Mas os piratas do plantão de notícias dessa vez cometeram um grave erro de avaliação, se imaginavam que a rota jurídica lhes garantiria a reconquista da Ilha do Tesouro, e é o que vamos tentar demonstrar.

A arena incendiada pelas jubas

Os leões esfomeados das camadas mais conservadoras foram devidamente atiçados, é verdade, foi um show de competência em imagens e jogadas ensaiadas de dar inveja a Spielberg. Dirceu e Cia mandados para a cadeia precisamente no dia da República Liberal foi um fecho de ouro jamais sonhado por talentos parnasianos como o de um Olavo... Bilac. Porém, feito os filmes pasteurizados no padrão esteticamente correto da nossa sociedade do espetáculo HD, faltou alma à peça... Houve realismo demais... Pois o problema de muitos filmes de hoje é justamente esse: o final feliz.

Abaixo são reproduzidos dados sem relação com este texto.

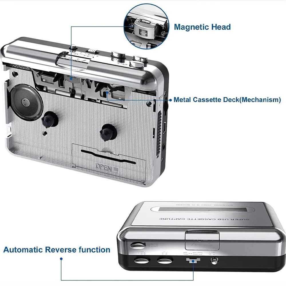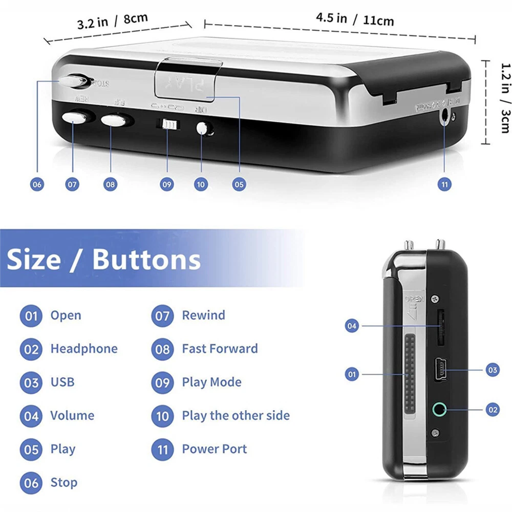 Product Features: Brand new and high quality guaranteed! Converts tape to MP3, quickly converts old cassettes to MP3 format via a USB cable. Can be used as . Better than just a recorder, it works perfectly as an old school, vintage with any standard headphones. Works perfectly with any standard 3.5mm AUX jack, you can use headphones, earbuds, or an audio port to your car speakers. Clear sound quality. By transferring your cassettes to MP3s in a quiet room, you can enjoy crystal Clear sound quality with even the oldest bands. Portable design fits in virtually any bag and enables you to play and transfer anywhere. Plug and Play USB device, no drivers required. Powered Operation: Battery or USB. Comes with tape converter software to guide you through transfer. Easy to use. How To Use Connect audio capture USB connector into your computers USB2.0 port and activate the software. Put a cassette into the cassette player. Push the Start button to transfer the tape. Click the Record button of the Software to record and click the Stop button when finished. Save as MP3 in PC. Buttons: Eject: slide to open the cassette holder. Volume: adjust the volume of headphones and USB connection. Headphones: connect headphone here. USB Connection: connect USB cable. Play: press to play tape. Stop: press to stop tape. FF/REW: press to fast forward or rewind tape. DIR: selects the direction of tape playback. Play Mode: selects what the tape does when it reaches the end of a side. Product Specification: Type:USB Cassette Capture Function:convert tapes and cassettes to MP3 Compatible PC OS:all except for Mac 10.5 or higher Consumed Power:≤1.5W Dimension:4.5*3.2*1.2in(110*80*30mm) Weight:5.18oz(148g) USB Cable Lenght:31.49in (800mm) Audio Cable Length:41.34in (1050mm) Package included: 1 x USB Cassette Capture 1 x Headphones 1 x USB cable 1 x Software CD 1 x User Manual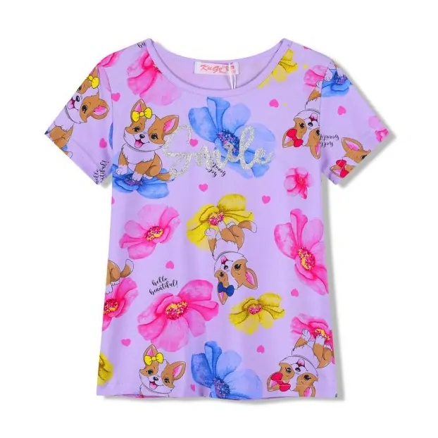 Dívčí bavlněné tričko Kugo s krátkým rukávem a obrázky pejsků a květ...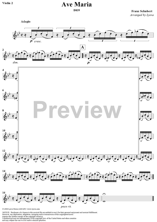 Digital Sheet Music for Ave Maria - Violin 2 by , Franz Schubert, Ljova scored for String Quartet; id:355298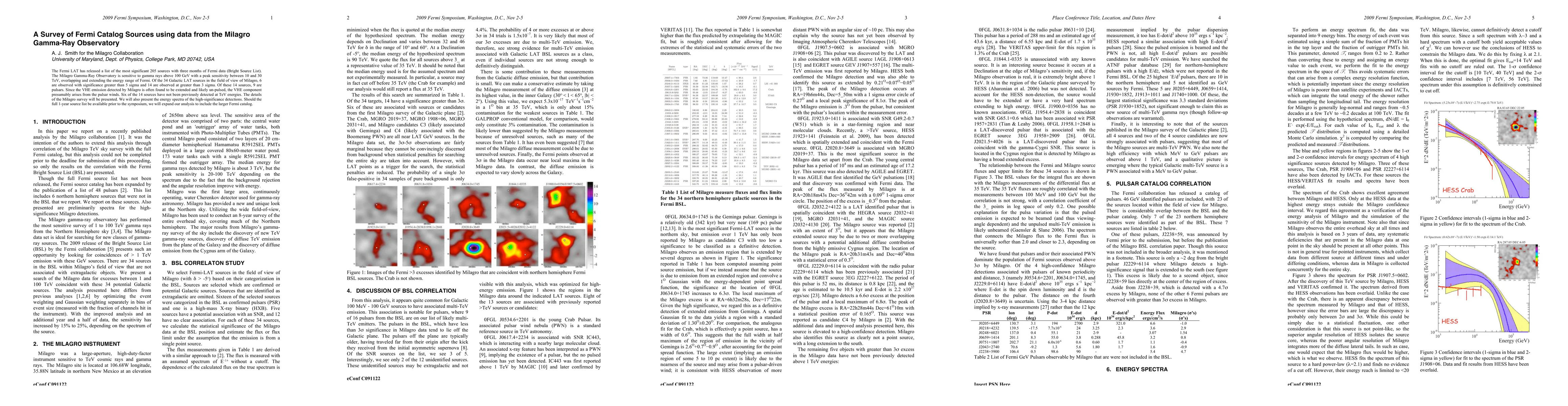 The Fermi LAT has released a list of the most significant 205 sources with three months of Fermi data (Bright Source List). The Milagro Gamma-Ray Observatory is sensitive to gamma rays above 100 GeV with a peak sensitivity between 10 and 30 TeV, overlapping and extending the energy range of Fermi. Of the 34 Galactic LAT sources in the field of view of Milagro, 6 are observed with significance greater than 5 sigma and 14 are observed at greater than 3 sigma. Of these 14 sources, 9 are pulsars. Since the VHE emission detected by Milagro is often found to be extended and likely un-pulsed, the VHE component presumably arises from the pulsar winds. Six of the 14 sources have not been previously detected at TeV energies. The details of the Milagro survey will be presented. We will also present the energy spectra of the high-significance detections. Should the full 1-year source list be available prior to the symposium, we will expand our analysis to include the larger Fermi catalog.

E agora? José Dirceu, José Genuíno, José Delúbio e os outros Josés Condenados foram as picanhas e os contrafilés servidos à colônia selvagem dos leões esfomeados, os que, como nós, babam feito loucos por um sanguezinho de corrupto... Enquanto o público era apenas instigado com a imagem do xilindró – a imagem expiatória para a preservação de outros corruptos profissionais histórica e politicamente melhor integrados –, seus instintos selvagens os faziam salivar por justiça.

Caso o prato prometido não lhes fosse servido ao final do programa, clímax capaz de atear fogo até numa Roma sem Nero, essas camadas sociais, por um fenômeno que os psicólogos conhecem pelo binômio estímulo e resposta, avançariam sobre as urnas com seus instintos vingativos despertados pela frustração. Um roteiro sem picanhas nem alcatras no final, podemos concluir, seria assinado até por Leni Riefenstahl, cineasta alemã autora de filmes de propaganda para o partido nazista durante a liderança de Hitler.

O erro primário dos aprendizes de propaganda política, portanto, foi não compreenderem a função social exercida pelos finais felizes de Hollywood, o efeito catártico e apaziguador de seus roteiros. Já a propaganda apenas mostra, não oferece de presente o produto, o consumidor deve pagar por ele. (Pagar, aqui no caso dos eleitores, seria votar.) O erro dos novos cruzados foi confundir a arte com a vida real, escorregaram na casca de banana jogada por eles mesmos e vão provar do próprio veneno por pelo menos mais quatro anos, é o que as pesquisas indicam hoje.

Ou seja, o pessoal da propaganda não ensaiou direito o roteiro com Brancaleone e seu exército, pois foram com sede demais ao pote. Será que dessa vez o capital financeiro internacional tem alguma coisa a ver com tudo isso? Afinal, as eleições de Lula e Dilma foram duros golpes ao neoliberalismo pós-Reagan e Thatcher.